Чем закончился тот эпизод? Жена не взяла мужа домой, отказалась, и его, откомиссованного, отправили в Иркутский инвалидный дом — доживать свой век. Бедняга сержант никак не мог взять в толк, что верной спутнице по жизни не нужен такой. И подраматичней ситуации встречал Саня Воронков. А вот стоит перед глазами тот брошенный сержант-связист. Уж у кого одиночество так одиночество — при живой-то жене. Впрочем, она, наверное, развелась с ним. Может, подвернется кто поздоровей. Или уже подвернулся…
Да, подраматичней, потрагичней встречались ситуации Сане Воронкову. А держится на плаву, не тонет в беспамятье история с девяностолетним стариком и его козой. Что за история? Вовсе простенькая. Тоже валялся Воронков в госпитале, в подмосковном, прифронтовом. И жил в том же поселке дедушка, седой, подслеповатый, полуглухой, бобыль бобылем, и вся радость-то у него — коза Катька. Не коза — одно название: кости да кожа. Но как любил ее дед, как истово пас, песни даже ей пел! Украли Катьку, и дедушка по козе плакал, как будто получил похоронку…
Вот — жизнь в тылу. Тяжелая, холодная, голодная, сиротская. Как пишут в газетках, фронт и тыл едины. Правильно, едины. Но если фронтовики предстанут перед высшим Судом Совести, то этого не миновать и живущим в тылу.

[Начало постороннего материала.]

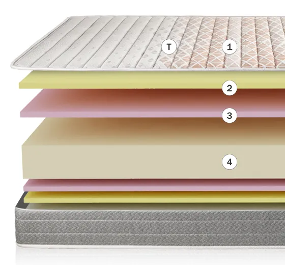 2. Viscofoam®: camada de acolchoado que acolhe a pessoa de acordo com a sua pressão e temperatura, adaptando-se à forma do corpo. Além disso, reduz a pressão arterial e dispersa o calor que geramos durante o sono.
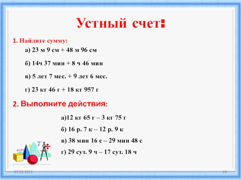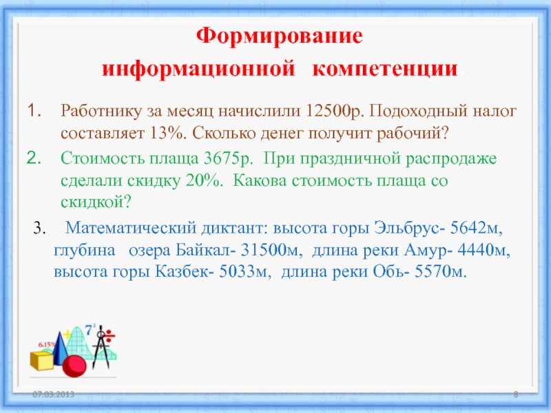 3. Математический диктант: высота горы Эльбрус- 5642м, глубина озера Байкал- 31500м, длина реки Амур- 4440м, высота горы Казбек- 5033м, длина реки Обь- 5570м.
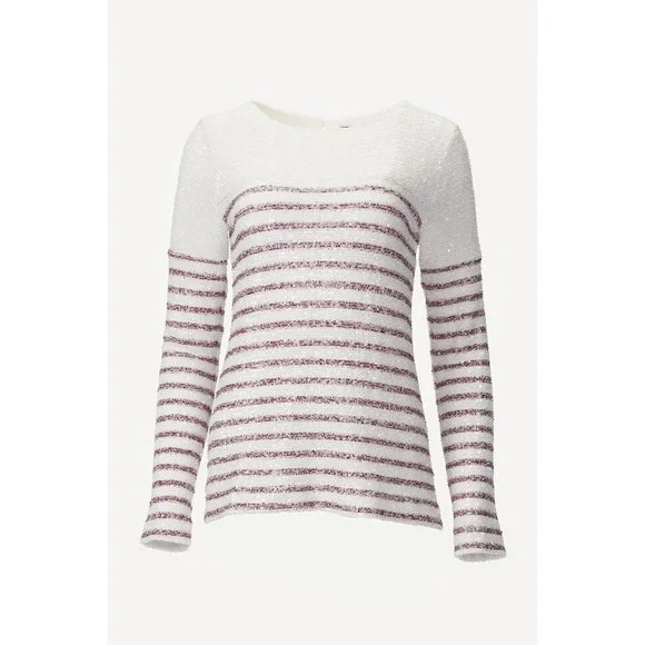 We love In The Mood For Love's 'Elise' top dressed up with a mini skirt or leather pants just as much as dressed down with denim and sneakers. Made of soft jersey and drenched in shimmery sequins in white and burgundy, it has a classic round neckline and a slightly relaxed fit.
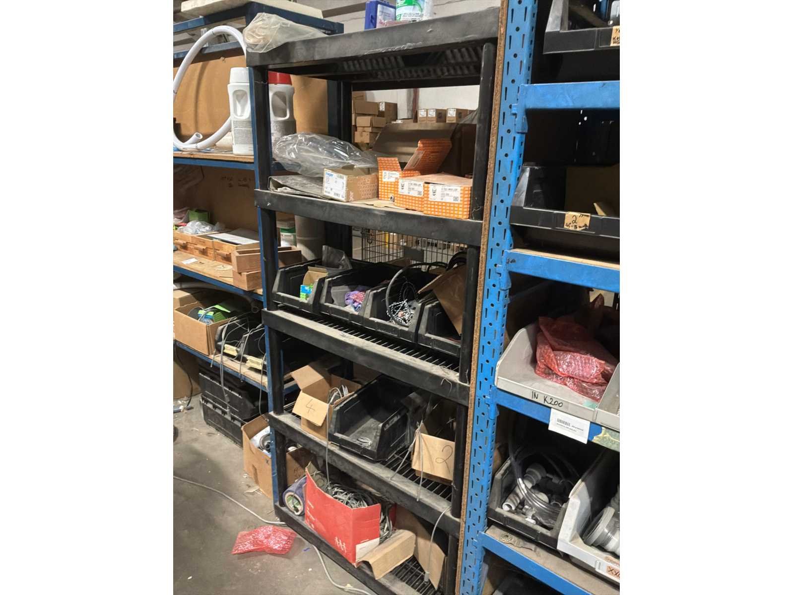 Inhoud : plastieken bakken, reserveonderdelen voor jacuzzi, … 1 rek niet demonteerbaar van 213 x 40 x 200 cm, 1 Magazijnrek van 90 x 45 x 180 cm, 1 demonteerbaar rek met 2 staanders van 45 x 200 cm en 12 leggers met lengte van 200 cm Nee

Суд Совести беспристрастно разберется, кто сутками не уходил из цеха от станка, а кто воровал у детдомовцев продукты, кто отдавал последний рубль в фонд обороны, а кто спекулировал на черном рынке, кто благословлял сыновей на бой, а кто укрывал сыновей-дезертиров. И всем должно воздать по заслугам, иначе совершится тягчайшая несправедливость. Мы не можем, не имеем права жить после войны вместе — чистые и замаранные. Упрощаю? Не думаю…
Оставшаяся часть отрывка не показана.